The task -
Word for word and without images, reproduce the listing that follows.

Data provided -
>>>
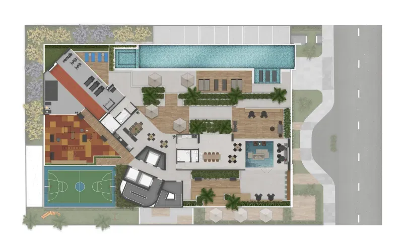 SERVIÇOS: Porte-cochere, Portaria, Delivery, Coworking, Lavanderia, Lobby, Loja, Praça apoio loja, Área de convivência, Pet place, Bike share.
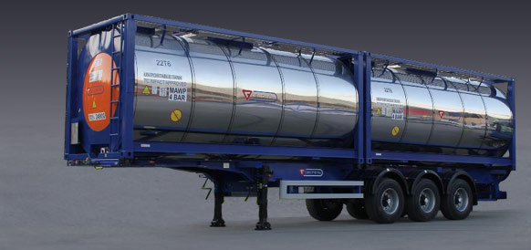 Использование танк - контейнеров безопасно, экономически выгодно, так как уменьшаются затраты на транспортировку, снижается риск повреждения тары и пролива продукта. Танк - контейнеры могут храниться как полными, так и пустыми. Служат 20-30 лет и более. Перевозка контейнеров осуществляется на железнодорожных платформах, на палубах и в трюмах судов, автомобильным транспортом. Транспортирование по железной дороге осуществляется как на специализированных, так и на обычных платформах. Морские перевозки контейнеров осуществляются на палубах судов как обычного типа, так и на палубах и в контейнерных ячейках специализированных судов-контейнеровозов. При перевозке контейнеров по шоссейным дорогам общего пользования применяются полуприцепы-контейнеровозы, оснащенные приспособлениями для крепления контейнеров. Штабелирование контейнеров производится на специальных площадках и на палубах судов. При штабелировании контейнеры устанавливаются фитингами на фитинги со смещением в продольном направлении не более 38 мм, в поперечном - не более 25 мм. Масса верхних контейнеров не должна превышать 192000 кг.
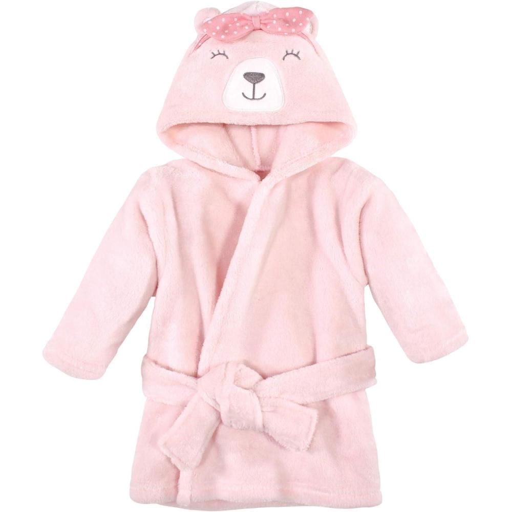 Hudson Baby Unisex Baby Plush Animal Face Bathrobe(Bear Girl)
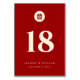 Simple Minimalist Ivory/Cream/Beige Round Circle Double Happiness On A Red Background Double Sided Chinese Wedding Table Number Card.
<<<
Solution -
 SERVIÇOS: Porte-cochere, Portaria, Delivery, Coworking, Lavanderia, Lobby, Loja, Praça apoio loja, Área de convivência, Pet place, Bike share.
 Использование танк - контейнеров безопасно, экономически выгодно, так как уменьшаются затраты на транспортировку, снижается риск повреждения тары и пролива продукта. Танк - контейнеры могут храниться как полными, так и пустыми. Служат 20-30 лет и более. Перевозка контейнеров осуществляется на железнодорожных платформах, на палубах и в трюмах судов, автомобильным транспортом. Транспортирование по железной дороге осуществляется как на специализированных, так и на обычных платформах. Морские перевозки контейнеров осуществляются на палубах судов как обычного типа, так и на палубах и в контейнерных ячейках специализированных судов-контейнеровозов. При перевозке контейнеров по шоссейным дорогам общего пользования применяются полуприцепы-контейнеровозы, оснащенные приспособлениями для крепления контейнеров. Штабелирование контейнеров производится на специальных площадках и на палубах судов. При штабелировании контейнеры устанавливаются фитингами на фитинги со смещением в продольном направлении не более 38 мм, в поперечном - не более 25 мм. Масса верхних контейнеров не должна превышать 192000 кг.
 Hudson Baby Unisex Baby Plush Animal Face Bathrobe(Bear Girl)
 Simple Minimalist Ivory/Cream/Beige Round Circle Double Happiness On A Red Background Double Sided Chinese Wedding Table Number Card.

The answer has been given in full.